God has brought me to this area and has brought me up in this area for a reason.

Furthermore, as friends and fellow Southeastern alum, Jason, Scott, and Aaron are able to serve their church side by side with an even greater degree of trust and understanding, knowing who they were trained under.

“I don’t think any of the three of us would say we remember every lecture we ever had at Southeastern,” said Scott. “But nonetheless, hearing our professors think through theological issues and make decisions — and even when they disagreed, hearing why they disagreed, and how they were going back to the word to form their answers — that still shapes us as we’re discussing things in our weekly elders’ meeting and making decisions for the church,” Scott said.

While Melbourne has grown and changed over the years, Scott, Jason, and Aaron are able to attest to God faithfulness in the lives of his people. They have seen this faithfulness throughout their years within the church body and through the testimonies of their family members — many of whom came to faith at Melbourne or have been part of that body for decades.

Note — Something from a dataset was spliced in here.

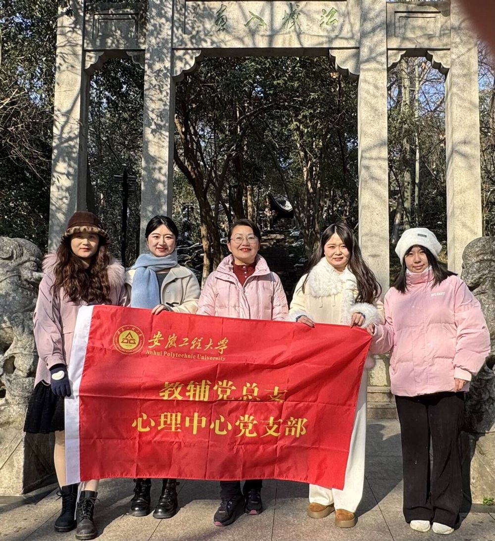 为进一步增强基层党组织凝聚力与战斗力,深入推进党史学习教育常态化长效化,筑牢信仰之基、补足精神之钙。安徽工程大学心理中心党支部于1月21日下午组织全体党员前往芜湖市赭山公园,开展了一场沉浸式、体验式的主题党日活动。本次活动巧妙融合红色寻访、城市发展感悟与专业实践思考,让全体党员在实地见学中深化党性修养,凝聚奋进力量。

“This is the church that shared the gospel with us, the church where we got saved, where we got baptized, where we were discipled and called into ministry,” reflected Scott. “What a healthy thing that now we get to invest back into this same church and see the Lord doing amazing things and even see our own kids baptized in this same church!”

 

Join us in praying for the work of Scott, Jason, Aaron, and the rest of Melbourne’s leadership. Pray for continued faithfulness in ministry and that their love for the Lord would continue to grow. Pray that, through the proclamation of the gospel at Melbourne, hearts would be changed and lives would be transformed for the glory of God.